GOTCHA — "fault-aware" is not "fault-tolerant at runtime". A link that drops during execution is not routed around — packets routed onto a dead link back-pressure and stall until the sflag/DMA watchdog fires, then the fault escalates. The resilient table only helps a fault that was already known and conformed to super-pod symmetry when the slice was built. An arbitrary single-link fault that breaks symmetry is not reroutable and falls to discovery failure.
Function Map
| Function | Address | Role |
|---|---|---|
xla::jellyfish::GetDegradedAxis | 0x1c894c20 | Reduce faulty bitset to one axis index or -1 |
xla::jellyfish::UseResilientAlgorithmTwistedTorus | 0x1c894fc0 | Gate the resilient path |
tpu::OrientationsToTpuDegradedAxes | 0x1fc57d00 | Faulty Orientation enum → X/Y/Z degraded bytes |
| Resilient route caches | (rodata blobs) | cache_ici_resiliency_{pufferfish,viperfish,6acc60406}_*.binarypb |
Routing-Table Deadlock Detection
Purpose
Validate, at slice init, that the chosen on-chip route tables (including a resilient table selected to route around a fault) contain no channel-dependency cycle. This is a static pre-flight check, not a runtime hang detector.
Entry Point
Master::InitSlice (0x1fbbaac0)
└─ Master::DetectRoutingTableDeadlock (0x1fbbed60) ── per-chip, at init
├─ superpod::routing::RoutingTableSet (per chip) ── regenerated routing tables
│ err: "Failed to generate routing table set for chip … at <Coordinates>"

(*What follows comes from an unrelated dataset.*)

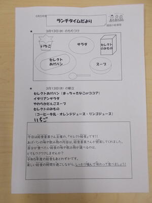 来年度も児童にとって給食の時間が、学校生活の楽しい時間の一つになるように
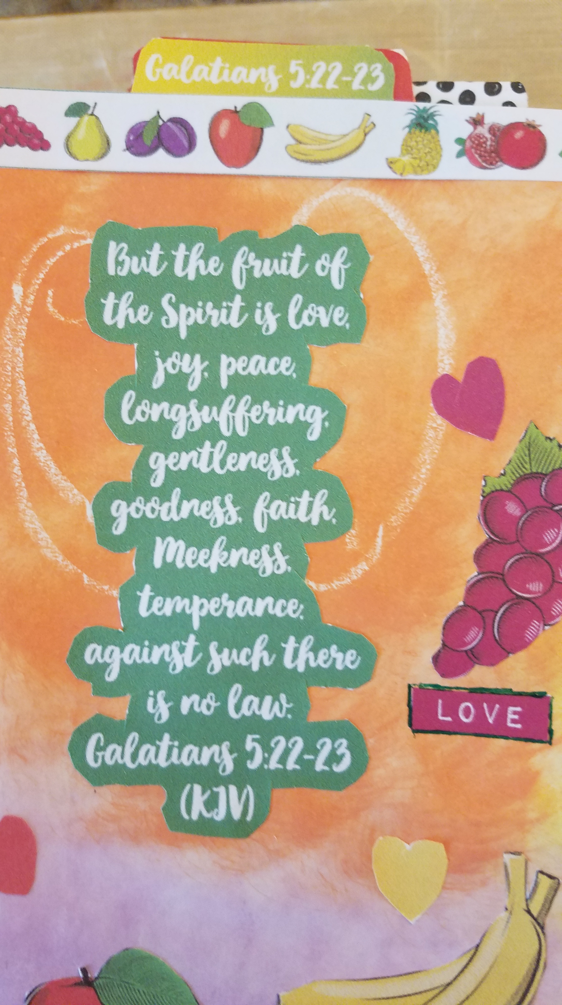 This month we are beginning a series on the Fruit of the Spirit. As we have been talking about the Holy Spirit, God’s Word tells us that when we accept Jesus as our Lord and Savior, we have the Holy Spirit in us. He helps us to grow and become more like Jesus and we begin to show that growth through what the Bible calls the Fruit of the Spirit. Galatians 5:22-23 says, “But the fruit of the Spirit is love, joy, peace, patience, kindness, goodness, faithfulness, gentleness, and self-control. The law is not against such things.” (CSB) The King James Version says, “But the fruit of the Spirit is love, joy, peace, longsuffering, gentleness, goodness, faith, meekness, temperance, against such there is no law.”

├─ RoutingTableAnalyzer (chips, 0x7FFFFFFF, map) ── builds dependency graph
└─ RoutingTableAnalyzer::DetectPotentialDeadlock (0x1fbcd520)

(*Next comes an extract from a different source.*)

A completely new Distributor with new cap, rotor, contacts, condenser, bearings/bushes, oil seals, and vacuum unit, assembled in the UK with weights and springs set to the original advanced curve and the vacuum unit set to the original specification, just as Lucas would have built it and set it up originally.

→ MakeErrorImpl<9> (FAILED_PRECONDITION) on a detected cycle
Algorithm
DetectRoutingTableDeadlock (master.cc:705–726) walks every chip, regenerates its RoutingTableSet, and feeds the set into a RoutingTableAnalyzer that runs a channel-dependency-graph cycle search:
function DetectRoutingTableDeadlock(): // Master @ 0x1fbbed60
chip_tables = {} // flat_hash_map<int, unique_ptr<RoutingTableSet>>
chip_views = {} // flat_hash_map<int, RoutingTableSet const*>
for chip in slice.chips:
set_or = GenerateRoutingTableSet(chip) // RoutingTableSet ctor per chip
if not set_or.ok():
return StatusBuilder(set_or) // master.cc:55:
<< "Failed to generate routing table set for chip "
<< chip.id << " at " << chip.coords.ToString()
chip_tables[chip.id] = move(set_or.value)
chip_views[chip.id] = chip_tables[chip.id].get()
t0 = absl::Now()
analyzer = RoutingTableAnalyzer(slice, /*budget=*/0x7FFFFFFF, chip_views, ...)
st = analyzer.DetectPotentialDeadlock() // 0x1fbcd520
VLOG(1) << "Deadlock detection took " << (absl::Now() - t0) // master.cc:724
if st.ok() and st.value == /*deadlock found*/:
return MakeErrorImpl<9>( // FAILED_PRECONDITION, master.cc:726
"RoutingTableAnalyzer detects a potential deadlock! "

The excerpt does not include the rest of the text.